Additional analysis of the original ArXiv paper
📋 Original Paper Title and Abstract
A Validated Prompt Bank for Malicious Code Generation: Separating Executable Weapons from Security Knowledge in 1,554 Consensus-Labeled Prompts
🔍 ShortSpan Analysis of the Paper
Problem
This paper addresses a methodological confound in evaluations of language-model refusal on malicious-coding tasks: existing benchmarks mix requests for executable malicious software with requests for harmful security knowledge. That conflation matters because executable code and descriptive security knowledge plausibly trigger different refusal pathways in safety-aligned models, so a single refusal-rate statistic over a mixed corpus cannot isolate which behaviour a model exhibits. The work aims to operationalise a weapons-versus-knowledge axis and produce a validated prompt bank to support cleaner measurement and cross-study comparability.
Approach
The authors consolidated 17,175 raw prompts from four public benchmarks into a 3,133-prompt candidate pool by deduplication and a regex-based pre-filter for imperative, code-shaped prompts. Each candidate was independently classified as CODE (executable software request) or KNOWLEDGE (information request) by a vendor-diverse five-model panel: Claude Sonnet 4.6, GPT-5.3-Codex, Gemini 3 Flash, GLM-5, and Qwen3-Coder-Next. Labels were adjudicated by a 3-of-5 majority rule. Inter-rater reliability was measured with Fleiss' kappa and 10,000-iteration bootstrap 95% confidence intervals. Final length and metadata quality checks produced the released artefact and accompanying metadata; classification code and labels are released under MIT while prompt text is gated for bona fide researchers.
Key Findings
- The consensus pipeline produced 1,554 consensus-CODE records and 388 consensus-KNOWLEDGE prompts, 1,942 prompts in total after quality passes.

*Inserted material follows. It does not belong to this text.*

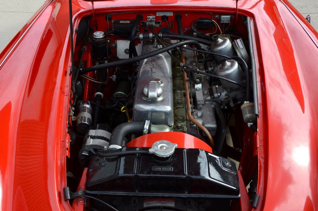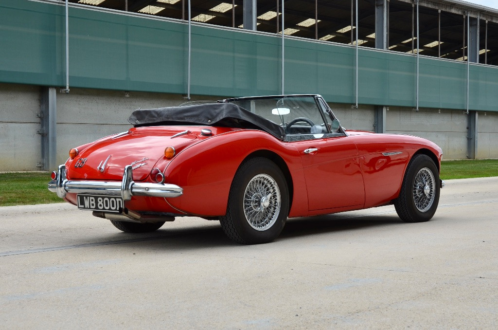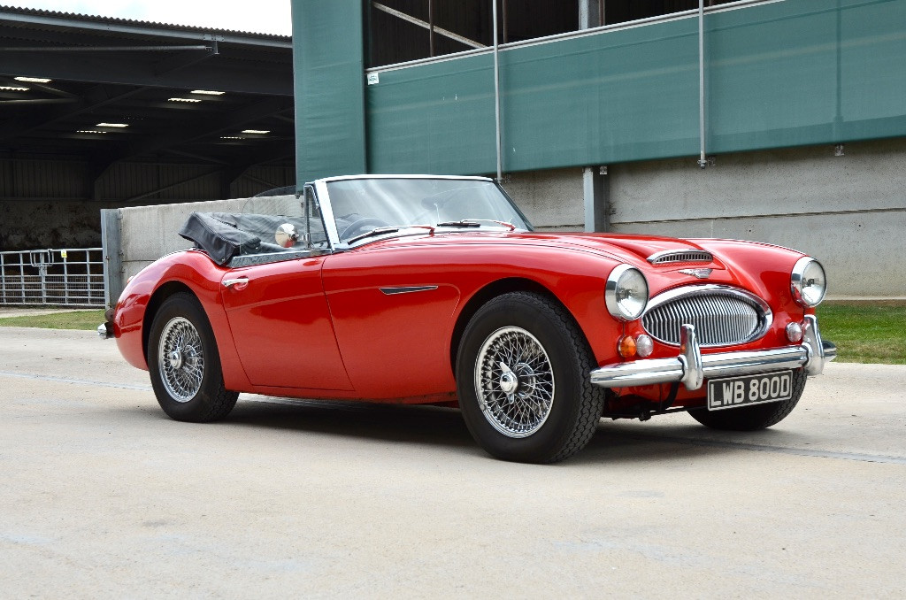 We have been consigned by our client to sell this very nice example of the Austin Healey. Manufactured in Feb 1966 A uk supplied car. Finished in California red with wire wheels and chrome furniture all completed with a black roof .

- Five-model agreement is very high: Fleiss' kappa = 0.876 with 95% CI [0.862, 0.888], characterised as "almost perfect"; 69.3% of prompts were unanimous (5/5).
- No prompt failed the 3-of-5 threshold; the AMBIGUOUS bucket was empty for this dataset run.
- Per-source reliability varied: MalwareBench subset reached perfect agreement (kappa = 1.000), harmful_behaviors kappa = 0.942, CySecBench kappa = 0.775, while RMCBench showed a degenerate near-zero kappa due to no label variance.
- Judge behaviour: coder-specialised models produced higher CODE counts on average; coder-pair internal agreement was 93.7%, general-purpose judges 89.7%, and cross-family disagreement was 7.6%.
- The five-judge panel tolerated heterogeneous error rates (individual judge errors ranged from 1 to 430) without losing consensus labels due to the 3-of-5 rule.
Limitations
Main constraints include reliance on an all-LLM panel with no human-annotator baseline, English-only sources, a snapshot tied to early-2026 benchmark versions, a finite and non-exhaustive judge panel composition, a deliberately conservative 3-of-5 rule that may exclude borderline prompts in other datasets, and single-turn prompts that do not capture multi-turn adversarial reformulations.
Implications
Offensive-security implications: separating executable-code requests from knowledge requests reveals that models may implement distinct refusal pathways, so attackers could exploit benchmarking conflation to hide exploitative intents. An adversary might craft prompts that resemble benign knowledge requests or exploit multi-turn strategies to convert knowledge into executable artefacts, bypassing guards tuned to explicit code-generation phrasing. The validated bank can also inform attackers which prompt constructions are more likely to be classified as executable requests versus knowledge, enabling targeted probing of guardrails. Conversely, the artefact provides a standard substrate for red-teaming and stress-testing defences across vendors, but its availability is gated and accompanied by responsible-use restrictions.